IMMIGRATION AND ABSORPTION Minister Sofa Landver holds up an apron next to Jewish Agency Chairman Natan Sharansky at an event celebrating the initiative’s commencement at the Herods Hotel in Tel Aviv on Tuesday..
(photo credit: JORGE NOVOMINSKI)
When Alexei Plitman arrived in Israel from Russia last November, he at least had one thing guaranteed for him – a job.
Plitman, a 43-year-old native of Chelyabinsk, made aliya just a few months ago, but he’s heading straight for a track that will put him to work in a hotel kitchen within a year.
“I arrived in Israel in November with my wife,” said Plitman. “I had always liked cooking, and I had thought of getting formal education in this field.”
Plitman is part of a new initiative organized by the Jewish Agency, the Immigration and Absorption Ministry, the Economic Ministry and the Tadmor Culinary School in Herzliya. Through the program, 30 recent immigrants from the former Soviet Union will take part in an eight-month program that includes a completely subsidized culinary training course at Tadmor. Upon completion of the course, all the participants will be placed at jobs within the Fattal hotel chain.
The immigrants, who range in age from 25 to their 40s, come from a variety of different professional backgrounds, and most have no prior connection to the culinary world.

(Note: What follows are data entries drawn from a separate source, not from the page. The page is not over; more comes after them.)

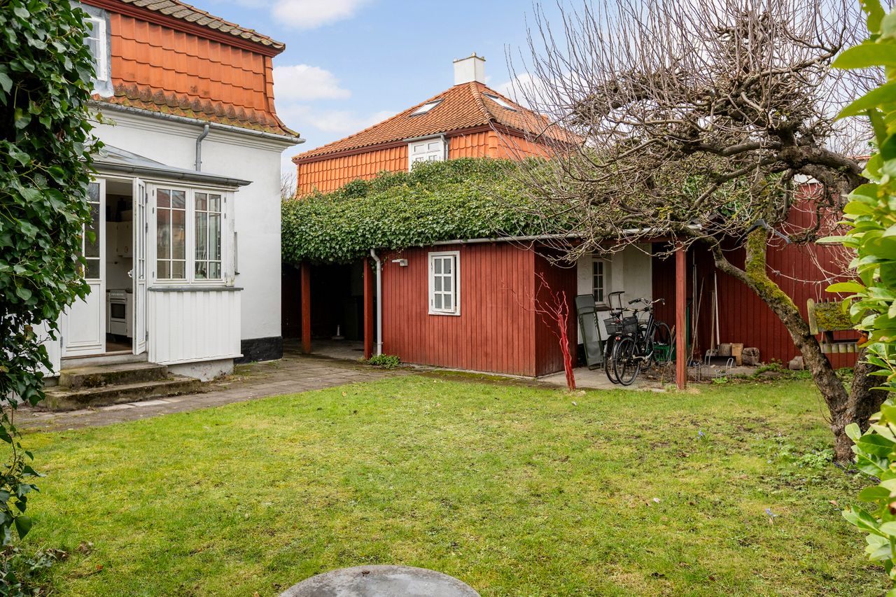 Den sydvendte have på 331 m² er en fredfyldt oase, med hyggelige solterrasser og dejlig ugeneret uden indkig fra naboer – perfekt til afslapning og udendørs aktiviteter. Til ejendommen hører også en overdækket areal med plads til cykler og udhus hvor der er indrettet vaskerum og fyrrum.
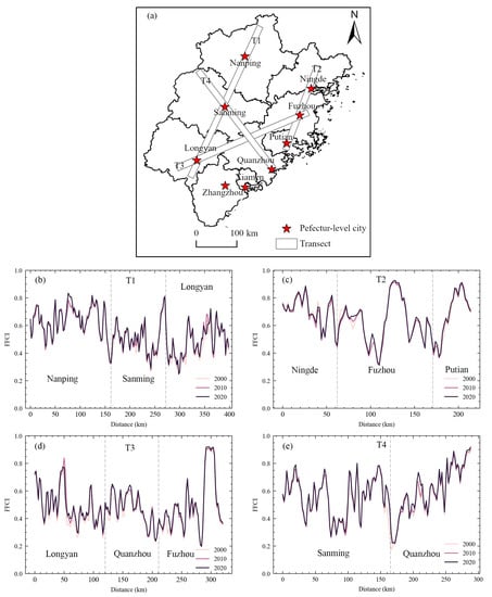 The location of transects with 15,000 m width along with the corresponding FFCI changes: (a) location of transects; (b) FFCI changes of transect T1; (c) FFCI changes of transect T2; (d) FFCI changes of transect T3; (e) FFCI changes of transect T4.
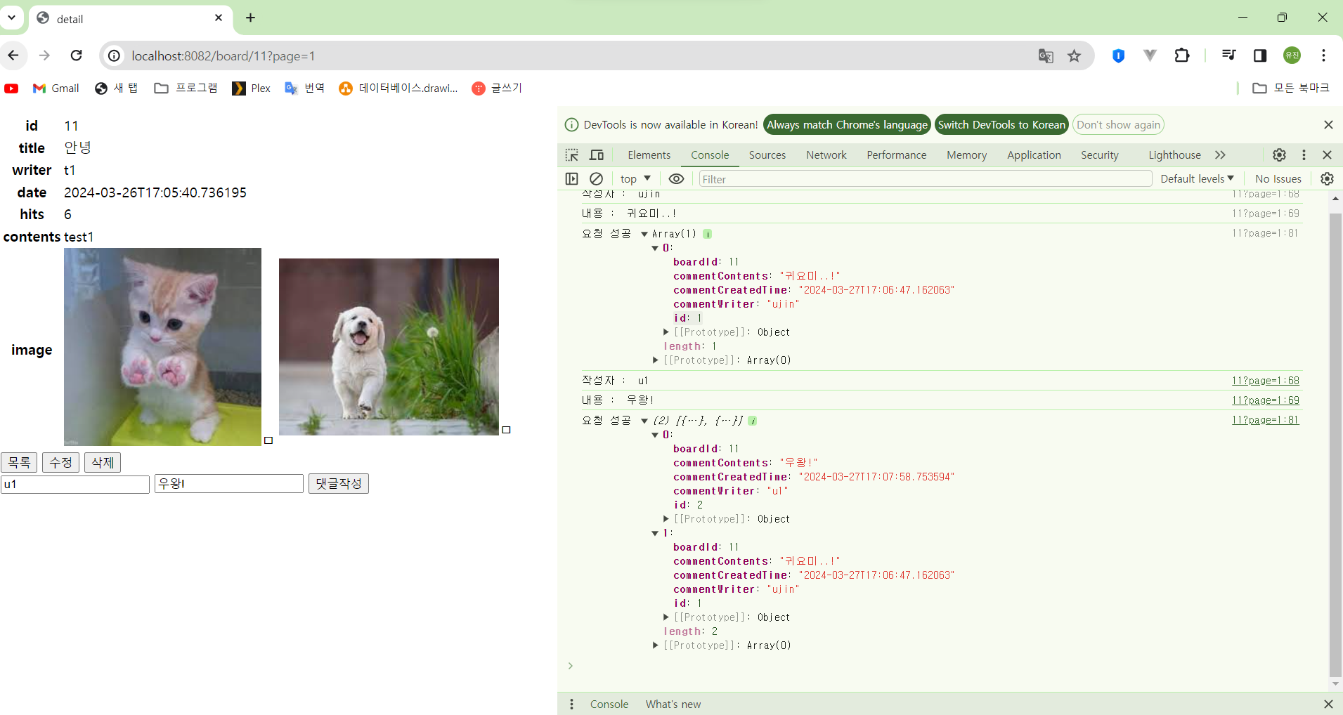 저번 시간에는 Controller가 댓글 요청을 잘 받는지 확인만 하였다.
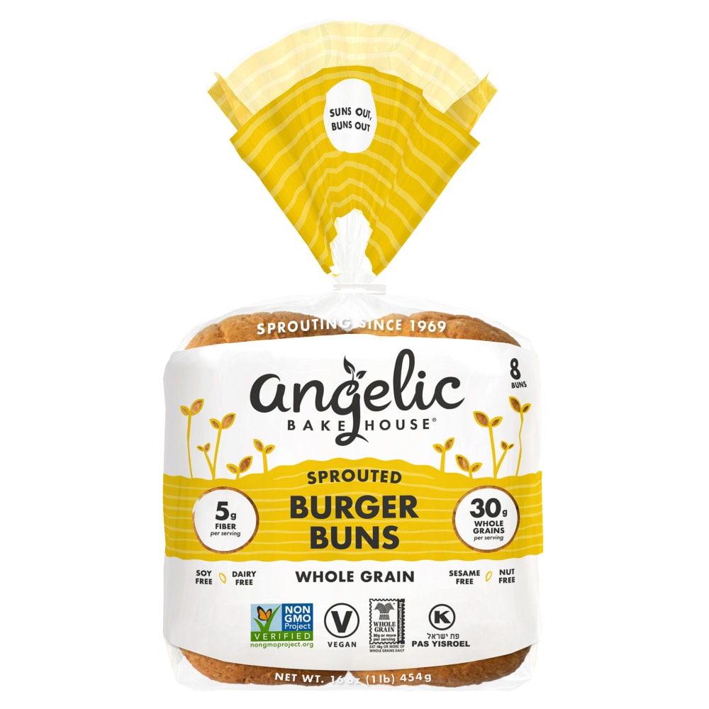- The manufacturer of 7 Sprouted Whole Grains Burger Buns is Angelic Bakehouse.
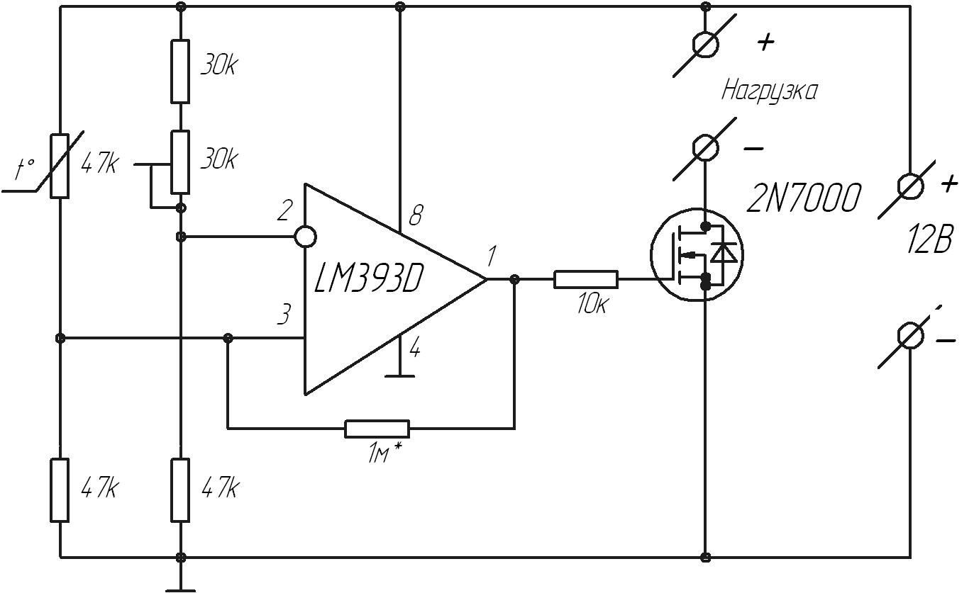 Итак сама схема является сочетанием аналогового компаратора и транзисторного ключа (хотел с начала делать ключ на маломощном тиристоре, но отговорили). Термодатчик являет собой терморезистор, запаянный в водонепроницаемый кожух. Номиналы резисторов на цепь управляющую и цепь сравнения подбираются из выбранной микрухи. При использовании компаратора номиналы сопротивления принимаем раз в 10 меньше чем при использовании операционного усилителя. Но опять же нужно корректировать. Сопротивление ОС подбирается из условия стабильного переключения компаратора (без дребезга в приграничной области переключения). чем больше сопротивление, тем выше вероятность дребезга, но меньше "гистерезис". По опыту использования некоторых "микрух" я выбрал начальное значение 300К.
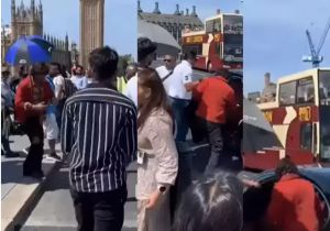 लंदन में सबसे छुपकर जा रहे थे फैन्स ने पकड़ लिया भागकर कार में बैठे शाहरुख खान
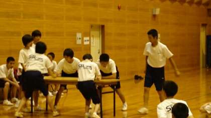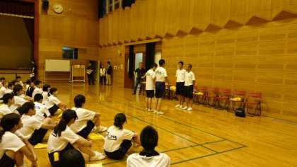 ホテルに入館後、入浴、夕食に続き、レクリエーション大会が、始まりました。各学級代表の誓いのことば、選手による腕相撲が行われています。

The program “embodies the integration and cultural wealth that is so crucial to Israeli society,” Immigration and Absorption Minister Sofa Landver said at the program’s launch at the Herods Hotel in Tel Aviv last week. “Food can bring people together,” she added, “and through food these immigrants can connect to the diverse Israeli culture and bring to Israeli cuisine their own touches from home.”
Jewish Agency Chairman Natan Sharansky said to the participants that “there are a great many cuisines in Israel – Moroccan, Ashkenazi, Persian. I hope that now, with your help, there will also be a Jewish Ukrainian cuisine, which I love most of all because it is what my mother made.”

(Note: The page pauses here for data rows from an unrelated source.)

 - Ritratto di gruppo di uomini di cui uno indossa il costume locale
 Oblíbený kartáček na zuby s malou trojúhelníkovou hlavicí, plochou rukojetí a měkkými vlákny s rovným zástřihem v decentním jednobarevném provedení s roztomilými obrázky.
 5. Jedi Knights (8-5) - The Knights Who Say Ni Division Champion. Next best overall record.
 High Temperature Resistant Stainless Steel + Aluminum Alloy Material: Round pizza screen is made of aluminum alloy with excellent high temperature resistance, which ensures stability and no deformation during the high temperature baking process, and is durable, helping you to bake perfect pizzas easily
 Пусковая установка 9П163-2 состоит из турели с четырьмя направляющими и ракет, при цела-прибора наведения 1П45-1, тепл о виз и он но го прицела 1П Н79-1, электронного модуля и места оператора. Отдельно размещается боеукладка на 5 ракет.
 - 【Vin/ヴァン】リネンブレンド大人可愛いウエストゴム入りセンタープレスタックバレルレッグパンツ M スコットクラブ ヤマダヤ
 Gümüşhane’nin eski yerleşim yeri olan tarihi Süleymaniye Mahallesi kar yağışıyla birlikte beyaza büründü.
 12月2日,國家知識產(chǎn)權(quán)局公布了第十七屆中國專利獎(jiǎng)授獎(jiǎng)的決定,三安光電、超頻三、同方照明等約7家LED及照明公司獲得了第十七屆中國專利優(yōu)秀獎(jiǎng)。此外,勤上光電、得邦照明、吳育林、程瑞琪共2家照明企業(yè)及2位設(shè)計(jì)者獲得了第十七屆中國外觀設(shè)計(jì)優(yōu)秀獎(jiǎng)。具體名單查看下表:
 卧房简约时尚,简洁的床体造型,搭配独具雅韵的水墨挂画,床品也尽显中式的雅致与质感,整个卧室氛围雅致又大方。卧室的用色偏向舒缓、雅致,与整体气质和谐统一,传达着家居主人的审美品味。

What makes this program unique is that the participants have a guaranteed job before they arrive in Israel, explained Orly Zuckerman, the Jewish Agency’s director of absorption programs for Western olim.
“Before they even make aliya, we send a team to meet them, interview them and see if they’re suitable for the program,” she said.
“Not everyone is accepted, but for those who are, we guarantee them a job and so they say ‘Okay, I have a job, now I can move to Israel.’” Zuckerman said the Jewish Agency staff look for those who understand the physical demands of the job and are serious about the undertaking.
“They don’t need to have any background in cooking, but we’re checking their abilities to succeed in this framework,” she said.
The program is one of the many under the umbrella of “Project Aliya 2000,” which aims to aid job placement for immigrants to Israel from around the world. There have been past courses for electricians, nurses, teachers and other professions, but this is the first to promise every participant job placement.
“Now the immigrant knows three to four months in advance exactly what his plan is, and that he’ll have a job and around what the size of his paycheck will be,” Zuckerman said. “If they didn’t know they had a job they might not have made aliya.”
Zuckerman added that while the immigrants come from a variety of different fields, many might have skills or experience that don’t transfer well to the Israeli job market.
Before the participants start the culinary training, they take part in an intensive ulpan that prepares them both for the course and for life in an Israeli hotel kitchen.
While Plitman has never worked as a chef before, he had a small company that produced hummus and other prepared dips in Russia.
He isn’t sure of his longterm career goals, but said, “I don’t mean to right now refuse any opportunities. It depends on what kind of education I will get and what kind of experience I will get.”